* [What the task asks] Please retype the entries below exactly, only from their first line through the line containing "Нашёл оригинальный способ", leaving every picture out.

Stored items:
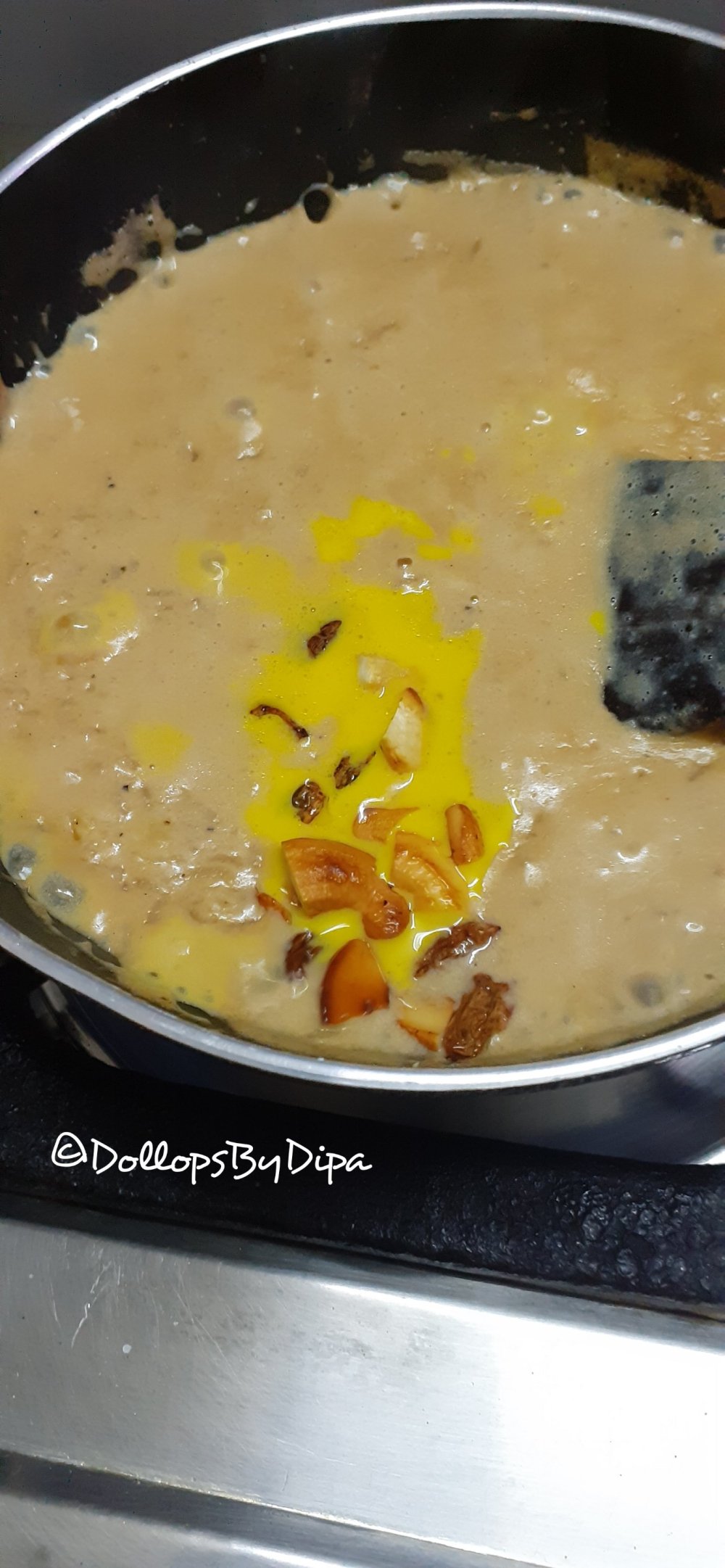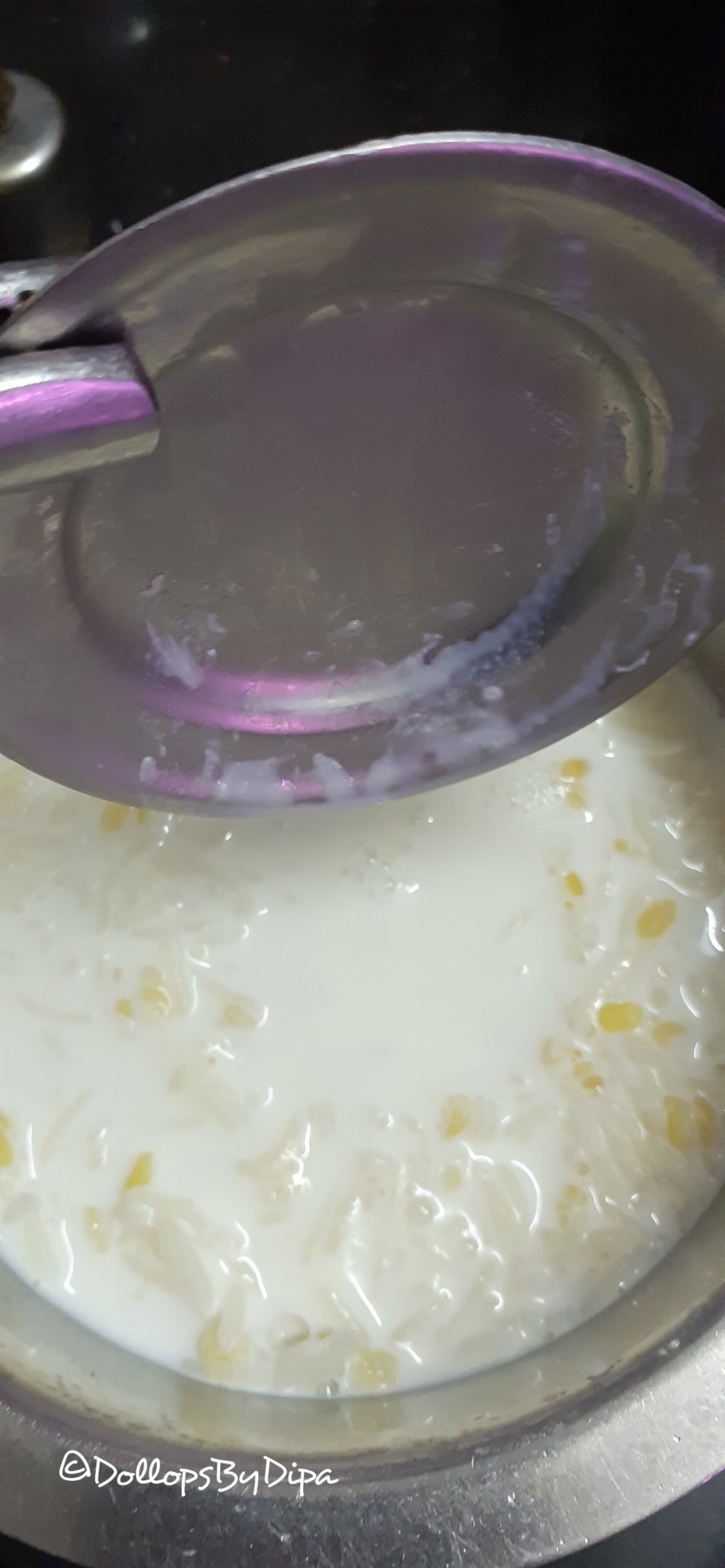 4. Make sure that milk rice dal mixture should only be half of the vessel to avoid boiling milk overflowing and also put small dish or bowl in it while pressure cooking it.
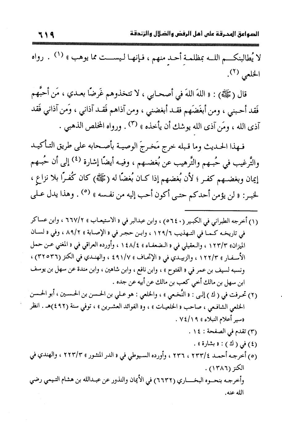 قَالَ صلى الله عَلَيْهِ وَسلم (الله الله فِي أَصْحَابِي لَا تتخذوهم غَرضا بعدِي من أحبهم فقد أَحبَّنِي وَمن أبْغضهُم فقد أبغضني وَمن آذاهم فقد آذَانِي وَمن آذَانِي فقد آذَى الله وَمن آذَى الله يُوشك أَن يَأْخُذهُ)
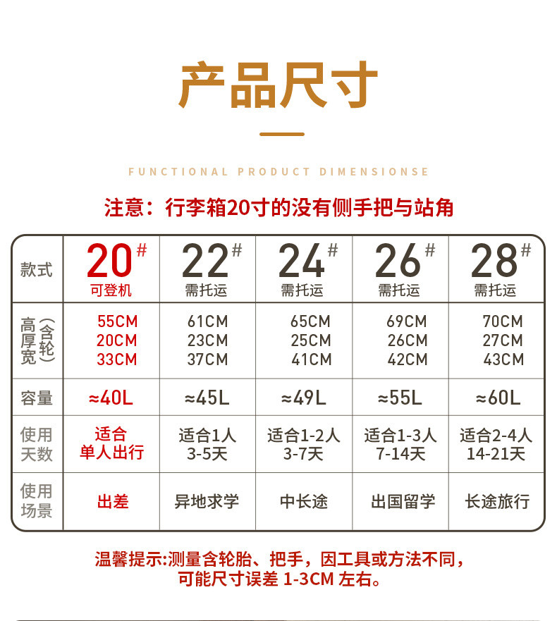 | Size | 20inch Boarding Case[Suitable for 1-5 Days of Travel,Add to Cart for Priority Shipping],22inch Shipping Box[Suitable for 3-7 Days of Travel,Brand Quality Assurance],24inch Shipping Box[Suitable for 5-10 Days Worth of Travel,Quality Inspection Exceeds National Standards],26inch Shipping Box[Suitable for Long Trips over 10 Days,30-Day Hassle-Free Returns and Exchanges],28inch Shipping Box Large Capacity[Very Suitable for School/Abroad/Family Travel,5 Years Warranty] |
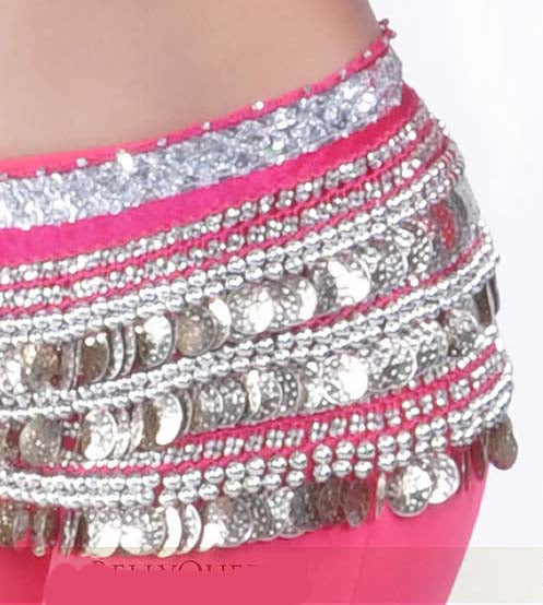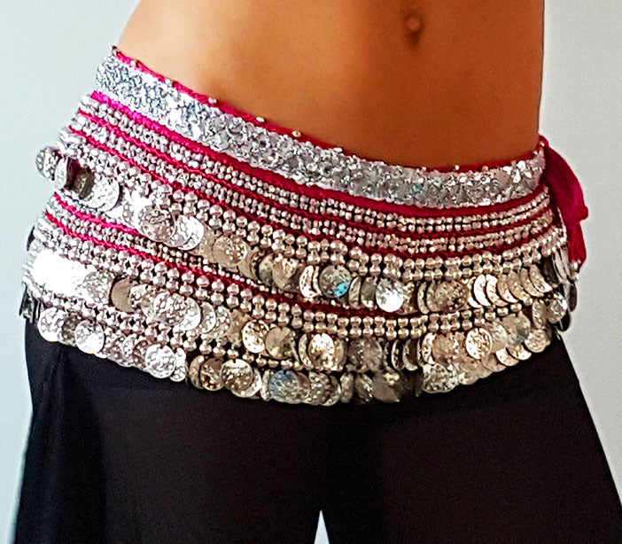 Mooie sjaal met 3 rijen zilverkleurige munten en een zilverkleurige band Bewerkt deel 75 cm lang, totale lengte sjaal incl. knoopgedeelte 125 cm
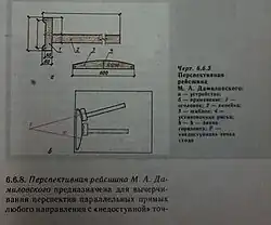 Нашёл оригинальный способ построения архитектурных перспектив с помощью приспособления, которое получило название «линейки Дамиловского» или «перспективной рейсшины Дамиловского».
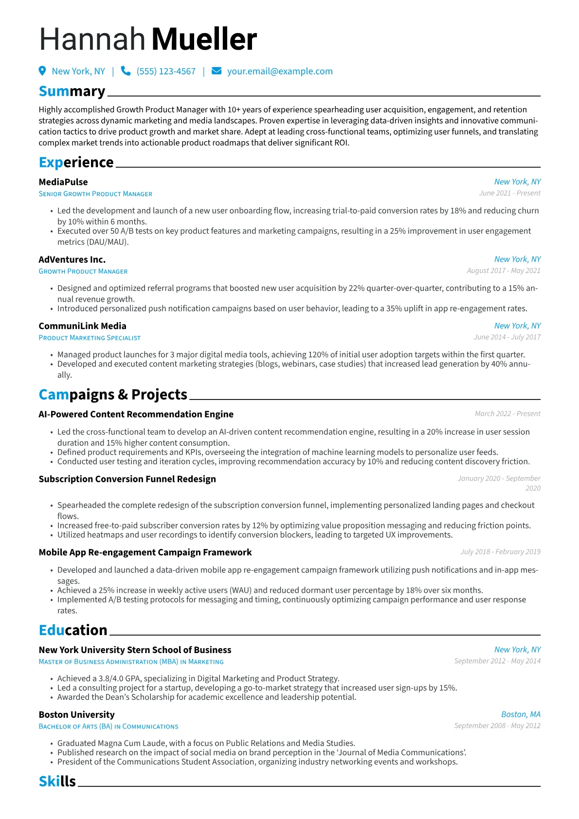 A robust resume for a senior Growth Product Manager in Marketing & Advertising must unequivocally demonstrate tangible impact on the AARRR funnel. Hiring managers prioritize candidates who can showcase measurable achievements in user acquisition, activation, retention, and revenue generation. Concrete examples include optimizing onboarding flows to increase conversion by specific percentages, leading A/B tests that significantly uplift click-through rates, or implementing strategies that reduce churn by X%. Command of tools like Amplitude, Mixpanel, SQL, and various marketing automation platforms, alongside certifications in Google Analytics or HubSpot Growth Stack, signal a candidate's readiness to tackle complex growth challenges.
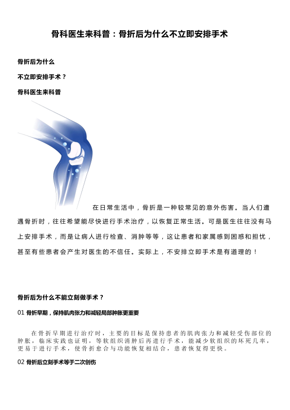 骨折后为什么不能立即手术
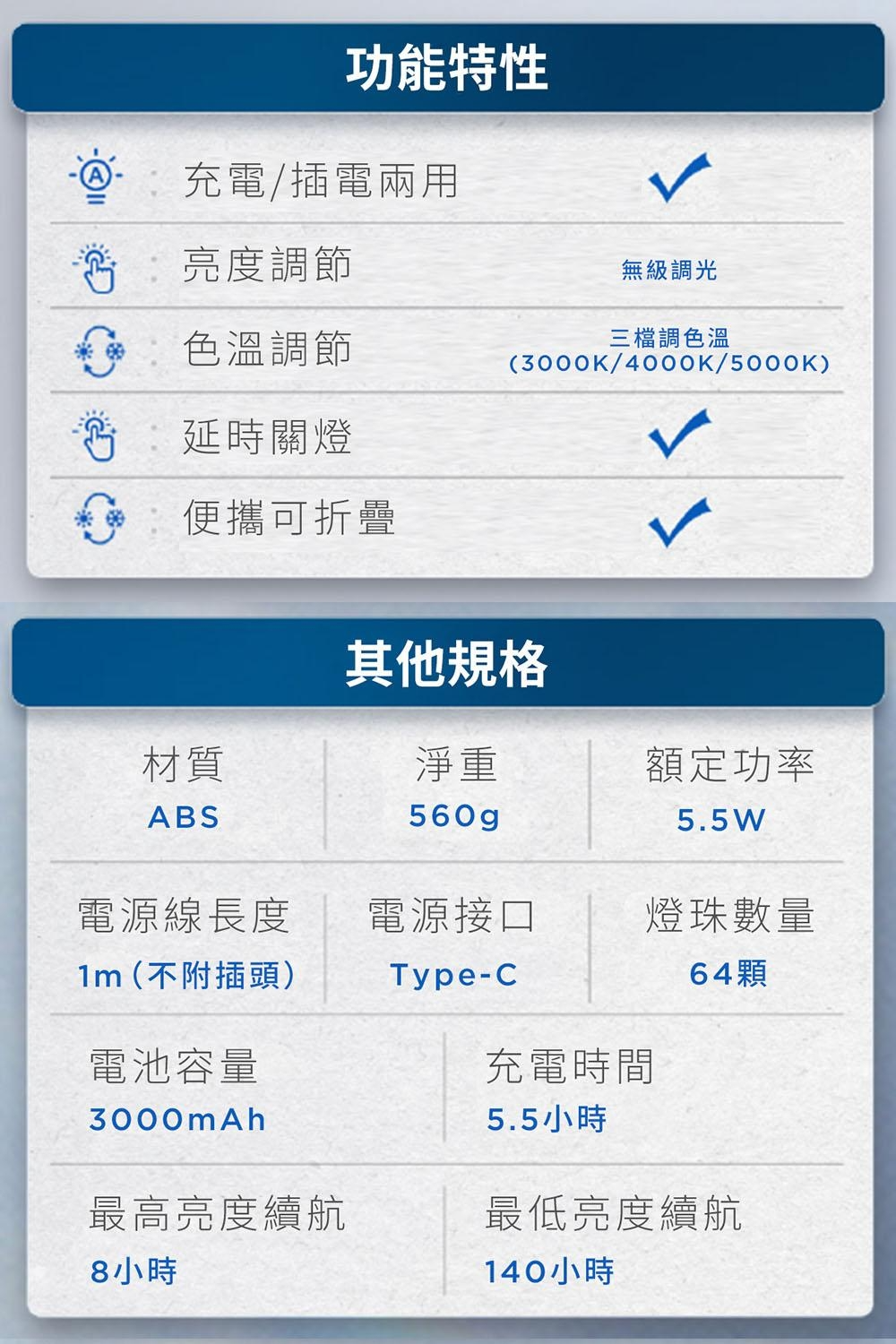 充電插座兩用檯燈,可折疊,輕便好攜帶
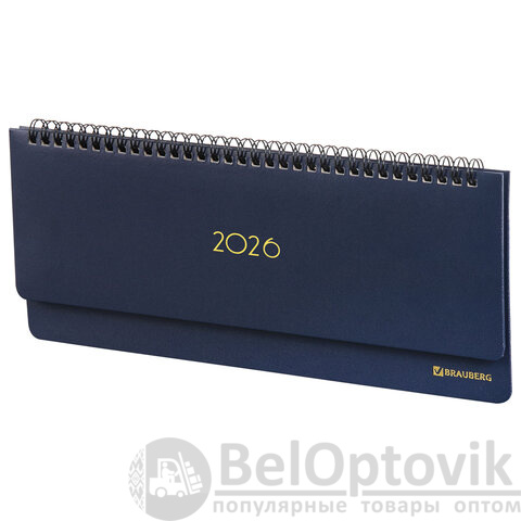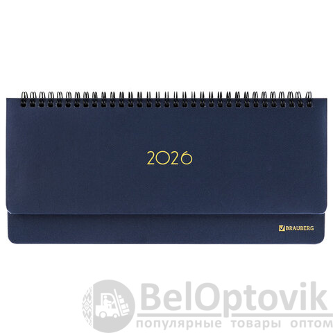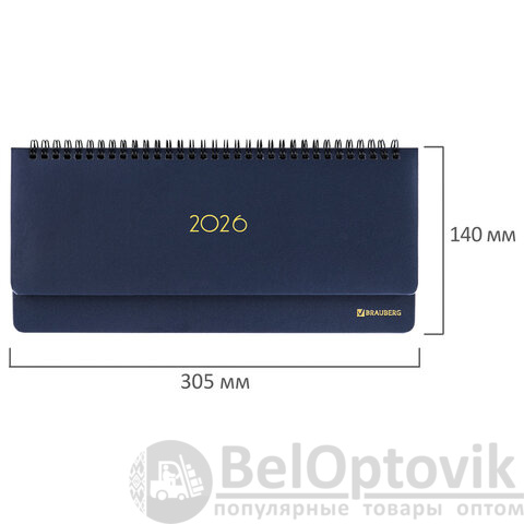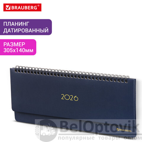 Планинг датированный 2026 305х140 мм BRAUBERG "Select", под кожу, темно-синий, 117231

* [Result of this exercise]
 4. Make sure that milk rice dal mixture should only be half of the vessel to avoid boiling milk overflowing and also put small dish or bowl in it while pressure cooking it.
 قَالَ صلى الله عَلَيْهِ وَسلم (الله الله فِي أَصْحَابِي لَا تتخذوهم غَرضا بعدِي من أحبهم فقد أَحبَّنِي وَمن أبْغضهُم فقد أبغضني وَمن آذاهم فقد آذَانِي وَمن آذَانِي فقد آذَى الله وَمن آذَى الله يُوشك أَن يَأْخُذهُ)
 | Size | 20inch Boarding Case[Suitable for 1-5 Days of Travel,Add to Cart for Priority Shipping],22inch Shipping Box[Suitable for 3-7 Days of Travel,Brand Quality Assurance],24inch Shipping Box[Suitable for 5-10 Days Worth of Travel,Quality Inspection Exceeds National Standards],26inch Shipping Box[Suitable for Long Trips over 10 Days,30-Day Hassle-Free Returns and Exchanges],28inch Shipping Box Large Capacity[Very Suitable for School/Abroad/Family Travel,5 Years Warranty] |
 Mooie sjaal met 3 rijen zilverkleurige munten en een zilverkleurige band Bewerkt deel 75 cm lang, totale lengte sjaal incl. knoopgedeelte 125 cm
 Нашёл оригинальный способ построения архитектурных перспектив с помощью приспособления, которое получило название «линейки Дамиловского» или «перспективной рейсшины Дамиловского».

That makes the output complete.